A continuación viene el engaño entre mercaderes. Y se ha de saber que la transacción es de dos clases: material y espiritual. La primera es lícita y permitida; la segunda, lícita y deshonrosa. Sobre el tráfico material que es lícito y honrado he de decir: que allí donde Dios ha dispuesto que algún reino o región sea autosuficiente, entonces resulta justo y permitido que de su abundancia se ayude a otra región más necesitada. Y, por tanto, debe haber traficantes que transporten las mercancías de una región a otra. Las otras transacciones que se practican con fraude, engaño y perfidia, con embustes y falsos juramentos, son culpables y dignas de vituperio.
La simonía consiste en el tráfico propiamente espiritual. Se basa en el propósito de comprar cosas espirituales, a saber, lo concerniente al divino santuario y a la cura de almas. Semejante intento, si uno pone empeño en llevarlo a cabo —a pesar de que este deseo no surta efecto—, constituye materia de pecado mortal, y si es una ordenación, ésta es ilegítima. Recibe el nombre de simonía por Simón el Mago, que quiso comprar con bienes materiales el don que Dios había concedido a San Pedro y a los apóstoles por mediación del Espíritu Santo. Por ende, sabed, pues, que los que venden y compran cosas espirituales son llamados simoníacos, bien sea por medio de bienes materiales, persuasión, o por las recomendaciones de los amigos seculares o espirituales. Los seculares son de dos clases: de la parentela o de las amistades. Sin duda, si interceden en favor de aquel que es indigno e incapaz, existe simonía si ése acepta el beneficio; si es digno y apto, no existe falta.

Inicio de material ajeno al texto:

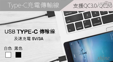 只要148元(含運)即可享有【SHINE】原價390元Type-C充電傳輸線(支援QC3.0/QC2.0)1入,顏色:黑色/白色?

La otra clase se da cuando un hombre o una mujer suplican a los demás que favorezcan a alguien por el afecto desordenado que sienten hacia esa persona: actuar así es infame simonía. Pero, a decir verdad, se entiende que el servicio por el cual los hombres otorgan cosas espirituales a los inferiores ha de ser honrado y no de otro modo; y también ha de ser sin contrato y que la persona sea capaz. Pues, tal como declara San Dámaso, «todos los pecados del mundo, comparados con éste, son nada»
[620]
, pues, después del de Lucifer y del Anticristo, es éste el mayor de todos los pecados posibles.